Now a lot of these codes may appear terribly underspecified (to a programmer or mathematician) and incomplete. This is largely as there is a historic assumption that most `flashing' lights do not actually flash (historically that would either be impossible with a flame; or burn our the filament at those high intensities). Instead - the flashing was achieved by shades moving in front of the light; typically by a set of these rotating around the light on a clockwork. And that meant that it was easier to occult (i.e. shortly dip rather than flash), and that patterns where easiest when they are regularly spaced within the repeat period. So there is a bit of mental model to apply when translating these codes into actual flashing patterns. But more about this later.
Maps
The next issue is that of maps. We could, of course, scan an existing naval map; and simply crop and scale this down to size. But that would be far too easy. Thanks to project such as OpenCPN, maps like OpenSeaMap, OpenNauticalChart and Open Street Maps have come leaps and bounds in recent years in terms of supporting sailors.
And thanks to their open APIs - it is not hard to extract the right vector data. In theory. And with lovely tools, such as Bernard R. Fischer his SMRender it is easy to just select some area and render a PNG, SVG or PDF with just the right data; in a nautical style.

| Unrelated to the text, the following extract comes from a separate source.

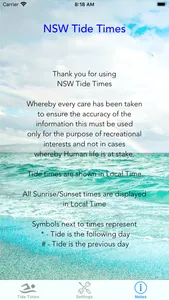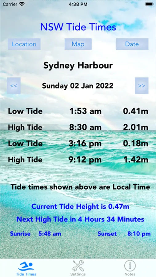Sydney and NSW are wonderful places to live or holiday. With this application you can track the tidal information for the area as it shows all the low tide, high tide, sunrise and sunset times, for that current day. The tide heights are also displayed, along the actual current tide height for that location. There is a display of the next tide due and how long. You can also select future dates, to make it easier to plan a successful beach, fishing or river trip. No Internet access is required, so even if you are sitting in an area with no coverage, you can still check the tide information. The GPS and maps function does require a data connection though. All coast locations in NSW are covered for Sydney beaches and surrounding NSW ports, including Batemans Bay, Byron Bay, Camden Haven, Cape Hawke Harbour, Clarence River, Coffs Harbour, Jervis Bay, Lake Illawarra, Lake Macquarie, Manning River, Port Kembla, Port Stephens, Shoalhaven River, Gladesville Bridge, Spit Bridge, The Entrance, Wollongong, Wooli River and more.......

And to make things even easier; it the documentation even details how to extract the light characteristics.
Rasterizing
Now naval maps have historically been quite reliant on many layers of spot-colour printing; as opposed to a single CMYK run in which the dots are so small that they optically merge into a single colour. Now this poses a bit of a challenge because that historic spot-colour technique excels at very crisp, think (black) lines and large areas of one colour with abrupt changes possible. And over time - the chart makers have learned how to make really good use of this - improving the way information is presented in tandem with the printing technology.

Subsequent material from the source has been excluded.